Scotty uncomfortably sipped his drink. Did Whittenfeld mean this? Or was it a speech born of necessity? "I told you when you hired me that those days were over. That I was tired of causes and bureaucratic battles. That I just wanted to mind my own business and do a good job. I said it then. I say it now. And I mean it."
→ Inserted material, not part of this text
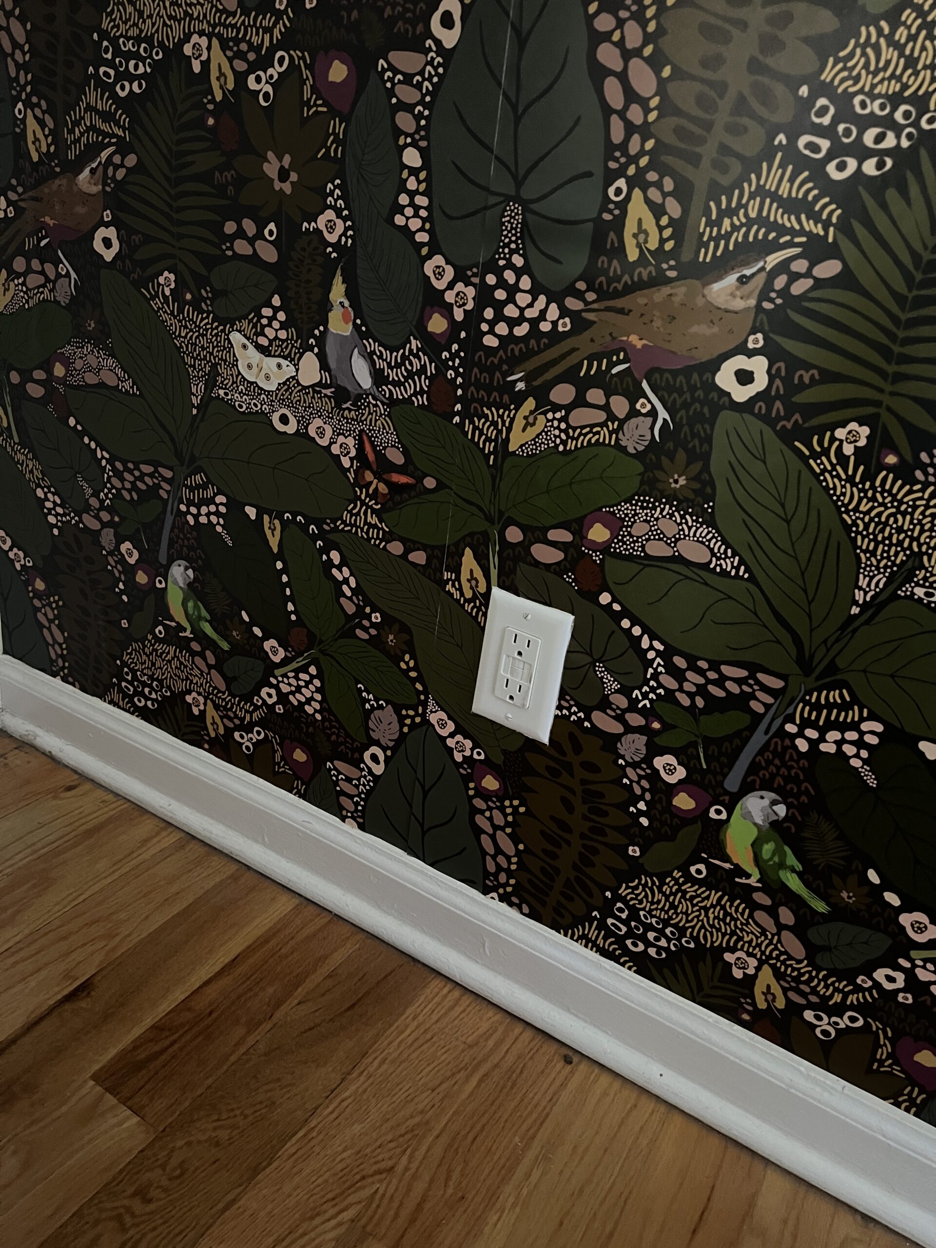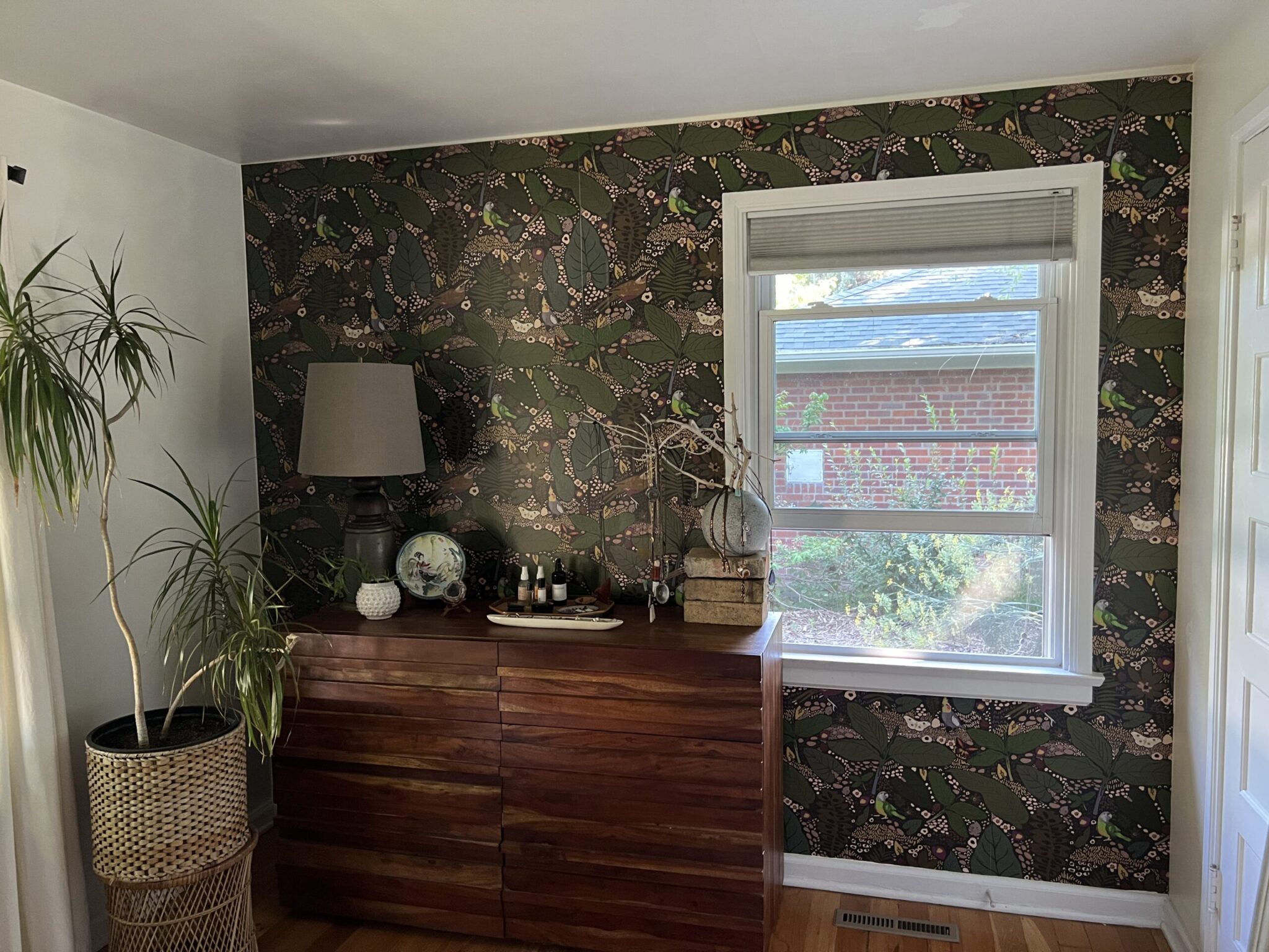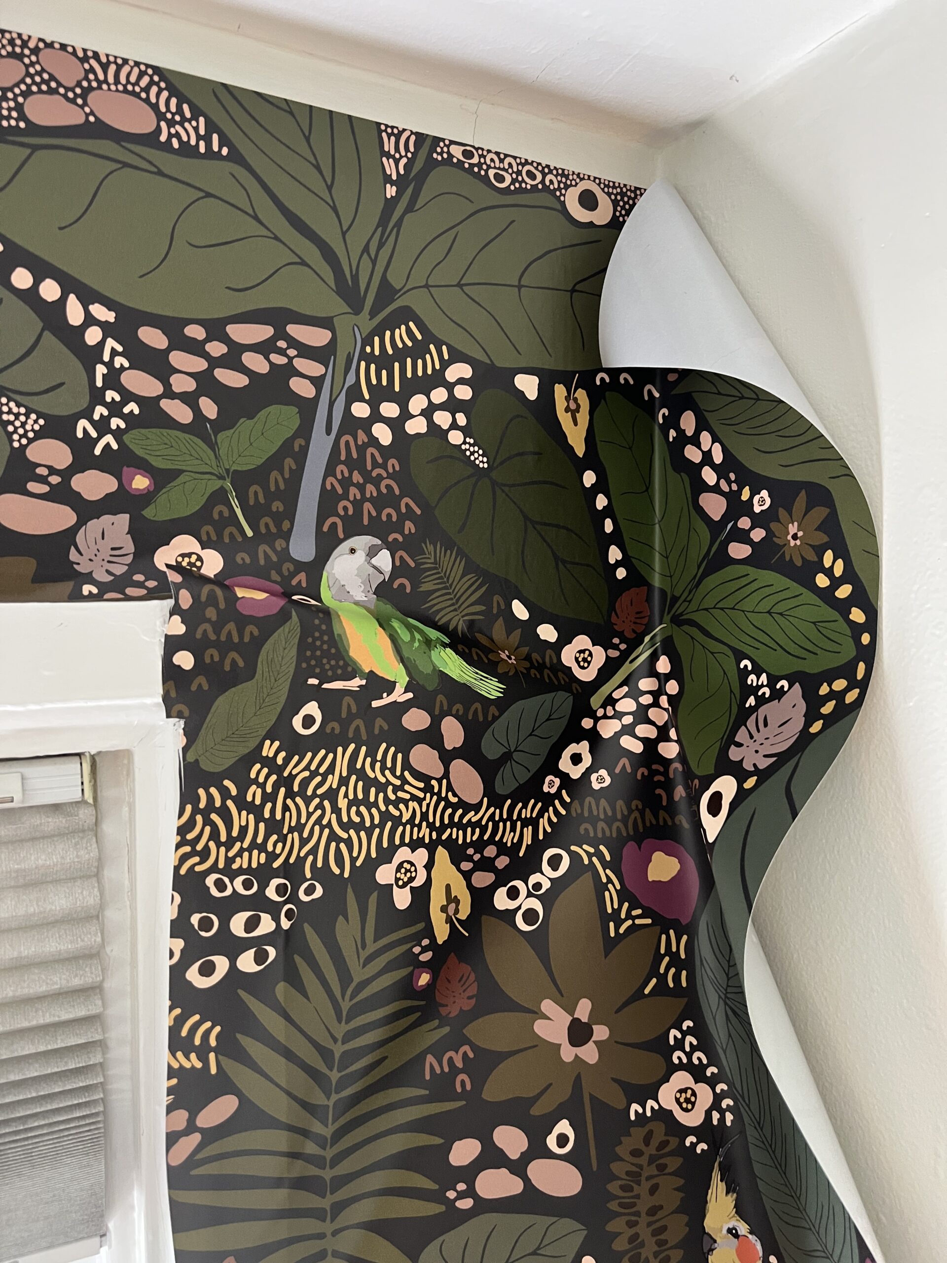 All in all, the project took up one afternoon while I listened to birds sing outside my windows and put Birds of Paradise on my wall. I had a slight bit of trouble perfectly lining up the seams and ended up deciding I didn’t mind seeing a teensy strip of white between panels. If this would drive you bats, I recommend choosing a lighter wallpaper so the seam lines don’t show up as much as on a dark background. Cutting around the window was the most difficult part of the whole thing; it would have helped if I’d caved and used a tape measure around the window trim.

"I know you do," Whittenfeld declared. "You're the gun fighter who's killed his last man, right? Put the guns away forever? Well, don't bury the guns completely because I want you to be able to take them out any time your conscience demands it. And I want you to keep them ready if we have to

tackle any violent radical groups."

"What's the chance of that?"

"Well, based on your experience with the
Columbus
, I'd have to say odds are good. Though I must also admit, in fairness, that the majority of the Scots have lost their ancient warrior personas." There was some disdain in his voice. "But you'll see. You will get to know the Scots very well."

"I hope so."

"Now I've got a confession to make."

"To me?"

"Yes."

"Are you joking?"

"No. I failed you."

"I don't understand."

"I wanted to welcome you with pride, not horror."

"Hell. The
Columbus
thing wasn't your fault."

Whittenfeld was adamant. "On the contrary. I am in charge. The Loch Ness project is my child. I gave birth to it. A father must not only love a child, he must protect it. I failed."

"I don't think an apology is needed."

Whittenfeld shook his head. "I'm being honest. Open. I'm declaring my trust. You're my new right hand, and I will always try to deal with you in a straightforward manner. Therefore, the apology." He lifted his glass, toasting. "To openness, honesty, trust!"